Doomimir: [...] Imagine capturing an alien and forcing it to act in a play. An intelligent alien actress could learn to say her lines in English, to sing and dance just as the choreographer instructs. That doesn’t provide much assurance about what will happen when you amp up the alien’s intelligence. [...]
This metaphor conflates “superintelligence” with “superintelligent agent,” and this conflation goes on to infect the rest of the dialogue.
The alien actress metaphor imagines that there is some agentic homunculus inside GPT-4, with its own “goals” distinct from those of the simulated characters. A smarter homunculus would pursue these goals in a scary way; if we don’t see this behavior in GPT-4, it’s only because its homunculus is too stupid, or too incoherent.

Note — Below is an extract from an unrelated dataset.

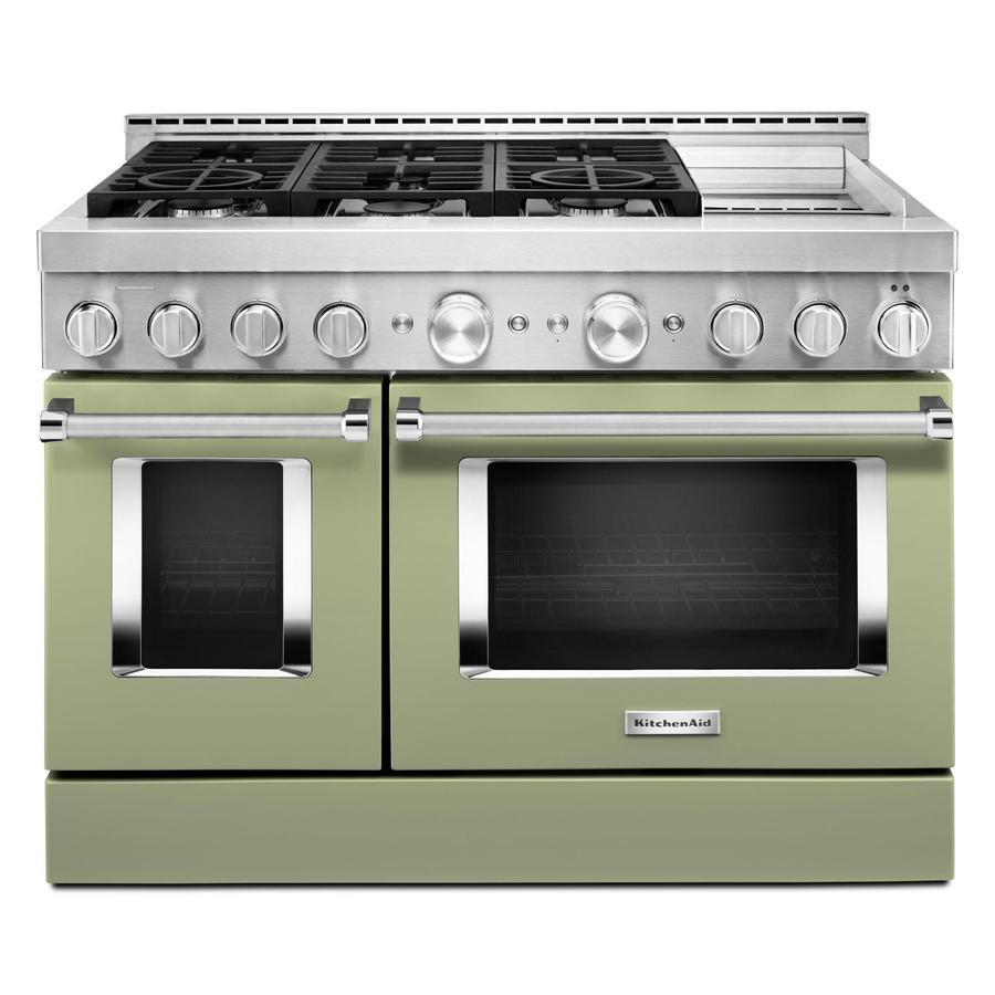 Satisfy your craving to create with a 48-inch Matte Avocado Cream KitchenAid Commercial-Style Range with Even-Heat Chrome Electric Griddle. This 6-burner gas range features two versatile 20,000 BTU Ultra Power Dual-Flame Burners with the power and precision to successfully sear, simmer, stir-fry and sauté. The double oven with Even-Heat True Convection helps you achieve more consistent baking and roasting.

(Or, perhaps, that its homunculus doesn’t exist, or only exists in a sort of noisy/nascent form—but a smarter LLM would, for some reason, have a “realer” homunculus inside it.)
But we have no evidence that this homunculus exists inside GPT-4, or any LLM. More pointedly, as LLMs have made remarkable strides toward human-level general intelligence, we have not observed a parallel trend toward becoming “more homuncular,” more like a generally capable agent being pressed into service for next-token prediction.
I look at the increase in intelligence from GPT-2 to −3 to −4, and I see no particular reason to imagine that the extra intelligence is being directed toward an inner “optimization” / “goal seeking” process, which in turn is mostly “aligned” with the “outer” objective of next-token prediction. The intelligence just goes into next-token prediction, directly, without the middleman.
The model grows more intelligent with scale, yet it still does not want anything, does not have any goals, does not have a utility function. These are not flaws in the model which more intelligence would necessarily correct, since the loss function does not require the model to be an agent.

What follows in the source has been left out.